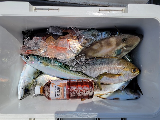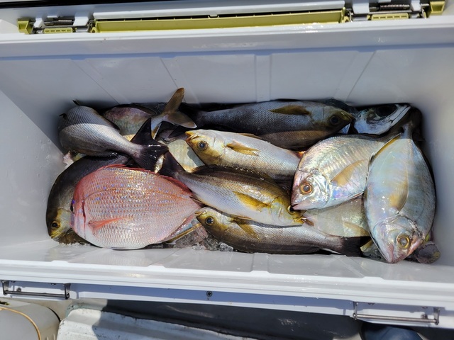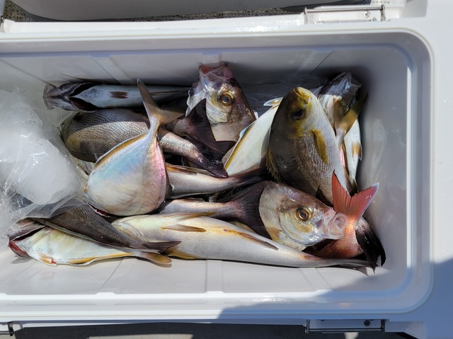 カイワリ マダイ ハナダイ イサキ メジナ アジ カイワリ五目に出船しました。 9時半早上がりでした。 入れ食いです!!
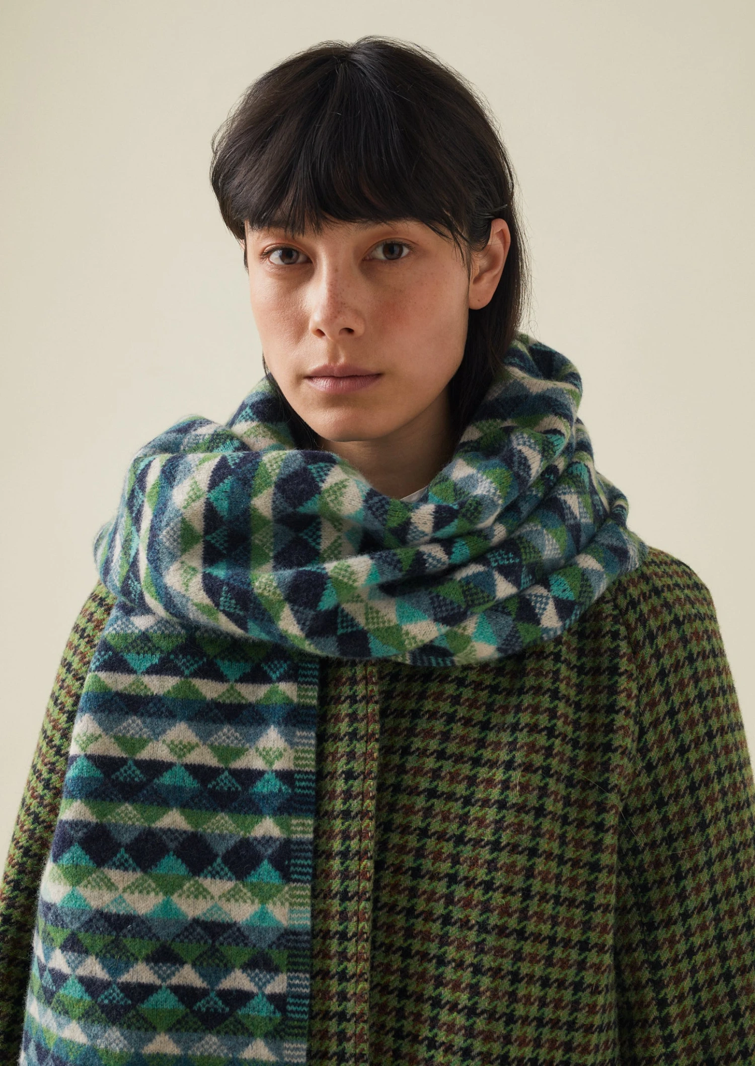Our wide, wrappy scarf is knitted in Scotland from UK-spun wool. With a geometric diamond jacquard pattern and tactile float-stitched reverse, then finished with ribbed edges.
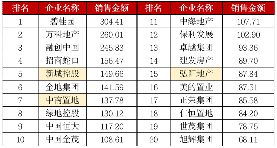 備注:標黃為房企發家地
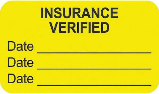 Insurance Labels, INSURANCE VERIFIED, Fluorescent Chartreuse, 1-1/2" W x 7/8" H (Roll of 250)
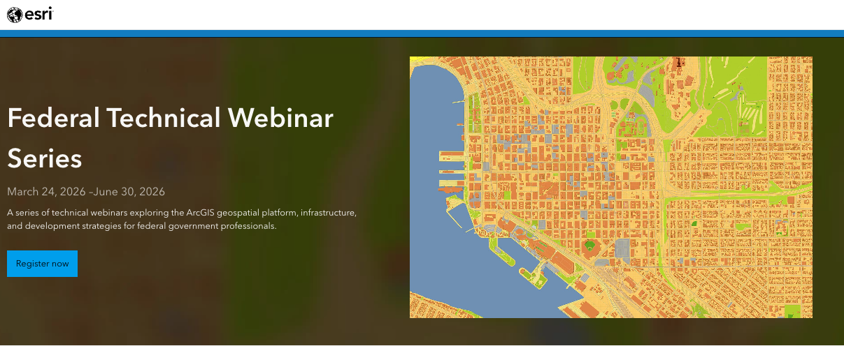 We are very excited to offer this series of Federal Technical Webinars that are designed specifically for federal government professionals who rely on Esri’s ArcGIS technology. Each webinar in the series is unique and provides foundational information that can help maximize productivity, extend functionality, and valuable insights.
--------------------------------
What you should do. Return only the lines running from the start of the entries above to the line that contains "Insurance Labels, INSURANCE", inclusive, and omit every picture.

Result.
 カイワリ マダイ ハナダイ イサキ メジナ アジ カイワリ五目に出船しました。 9時半早上がりでした。 入れ食いです!!
Our wide, wrappy scarf is knitted in Scotland from UK-spun wool. With a geometric diamond jacquard pattern and tactile float-stitched reverse, then finished with ribbed edges.
 備注:標黃為房企發家地
 Insurance Labels, INSURANCE VERIFIED, Fluorescent Chartreuse, 1-1/2" W x 7/8" H (Roll of 250)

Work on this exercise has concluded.